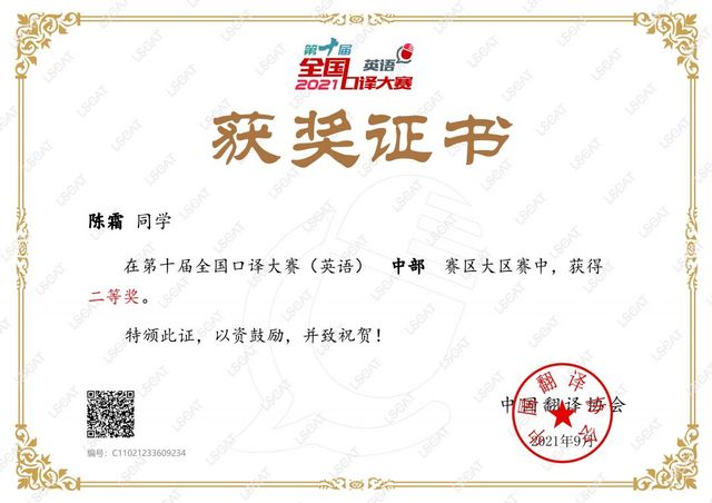陈霜-大区赛二等奖
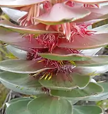 The inflorescence is broadly cylinder-shaped, 8–15 cm (3–6 in) long and 10–12 cm (4–5 in) in diameter, crested by smaller silvery pink leaves at an upright angle. These consist of many flower heads, each containing six to nine individual flowers and are set in the axil of an ordinary, flat leaf flushed mauve to carmine, particularly at its base. The outer whorl of bracts that tidely envelop the flower heads, are initially cartilaginous in consistency, becoming woody with age, carmine in colour, bluntly oval in shape, ¾–1½ cm (0.3–0.6 in) long and ½–¾ mm (0.2–0.3 in) wide, with a powdery outer surface a row of minute hairs along the edge. The bracts on the inside of the head are narrow, 1–1¼ cm (0.4–0.5 in) long and about ¼ cm (0.1 in) wide, and densely set with silky hairs.[4]
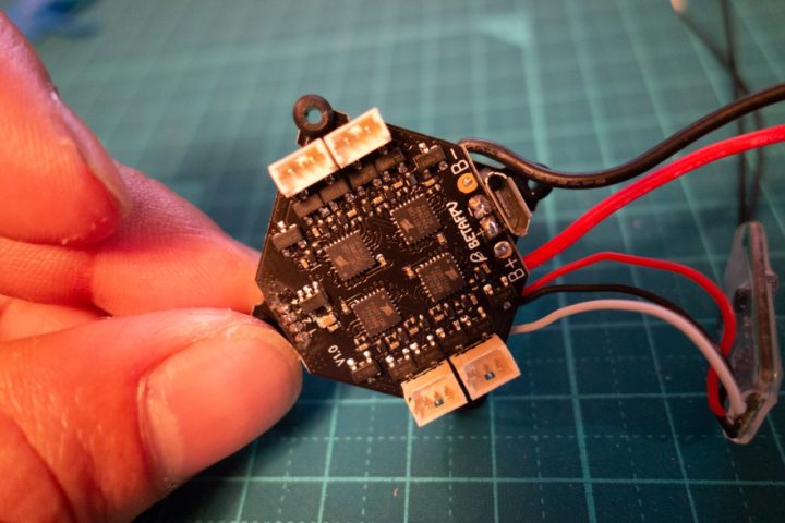 1Sフープとは全く別次元のこのBeta75Xくんですが、野外で飛ばす際のロスト回避のためブザーとLEDを取り付けてみました。

Work order
Copy each line above exactly. Images do not belong in the copy.

Result below
陈霜-大区赛二等奖
 The inflorescence is broadly cylinder-shaped, 8–15 cm (3–6 in) long and 10–12 cm (4–5 in) in diameter, crested by smaller silvery pink leaves at an upright angle. These consist of many flower heads, each containing six to nine individual flowers and are set in the axil of an ordinary, flat leaf flushed mauve to carmine, particularly at its base. The outer whorl of bracts that tidely envelop the flower heads, are initially cartilaginous in consistency, becoming woody with age, carmine in colour, bluntly oval in shape, ¾–1½ cm (0.3–0.6 in) long and ½–¾ mm (0.2–0.3 in) wide, with a powdery outer surface a row of minute hairs along the edge. The bracts on the inside of the head are narrow, 1–1¼ cm (0.4–0.5 in) long and about ¼ cm (0.1 in) wide, and densely set with silky hairs.[4]
 1Sフープとは全く別次元のこのBeta75Xくんですが、野外で飛ばす際のロスト回避のためブザーとLEDを取り付けてみました。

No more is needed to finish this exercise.